• **YOUR TASK**
Set down exactly the lines below, starting at the one that contains "Haven't you heard?" and ending at the one that contains "最近的GEORGIA罐装咖啡", with both of those lines included and nothing else.

• **PROVIDED RECORDS**
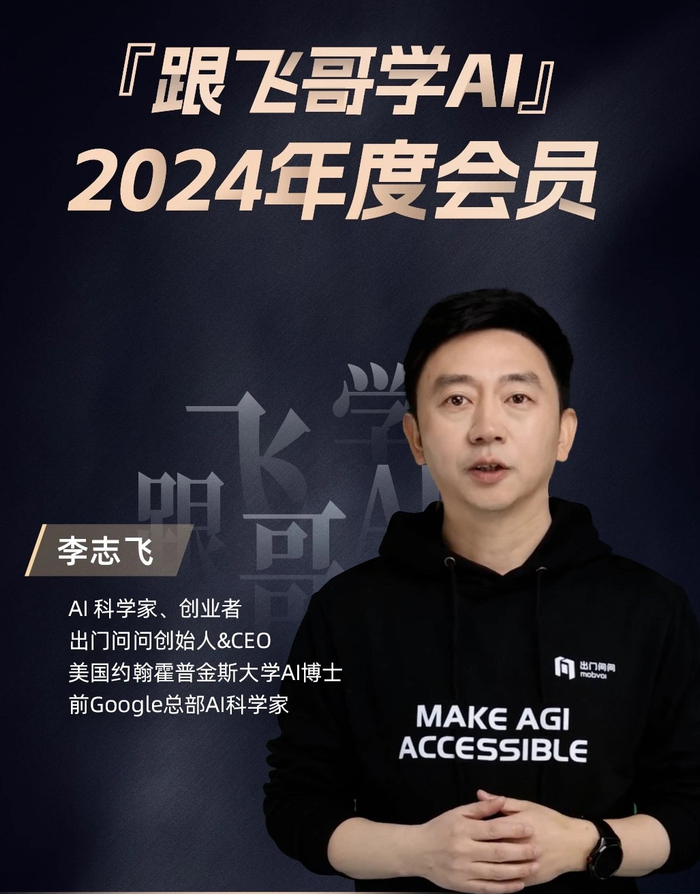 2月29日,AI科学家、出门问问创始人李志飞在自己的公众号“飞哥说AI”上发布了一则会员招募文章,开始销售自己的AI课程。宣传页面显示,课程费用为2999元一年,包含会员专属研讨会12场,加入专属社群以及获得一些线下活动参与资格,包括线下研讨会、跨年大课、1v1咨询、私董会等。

* * *

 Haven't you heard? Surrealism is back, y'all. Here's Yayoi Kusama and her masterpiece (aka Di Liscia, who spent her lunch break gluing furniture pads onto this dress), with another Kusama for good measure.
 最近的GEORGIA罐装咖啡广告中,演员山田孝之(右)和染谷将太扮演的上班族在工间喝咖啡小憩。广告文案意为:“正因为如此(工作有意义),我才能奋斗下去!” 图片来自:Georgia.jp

• **PROBLEM SOLUTION**
 Haven't you heard? Surrealism is back, y'all. Here's Yayoi Kusama and her masterpiece (aka Di Liscia, who spent her lunch break gluing furniture pads onto this dress), with another Kusama for good measure.
 最近的GEORGIA罐装咖啡广告中,演员山田孝之(右)和染谷将太扮演的上班族在工间喝咖啡小憩。广告文案意为:“正因为如此(工作有意义),我才能奋斗下去!” 图片来自:Georgia.jp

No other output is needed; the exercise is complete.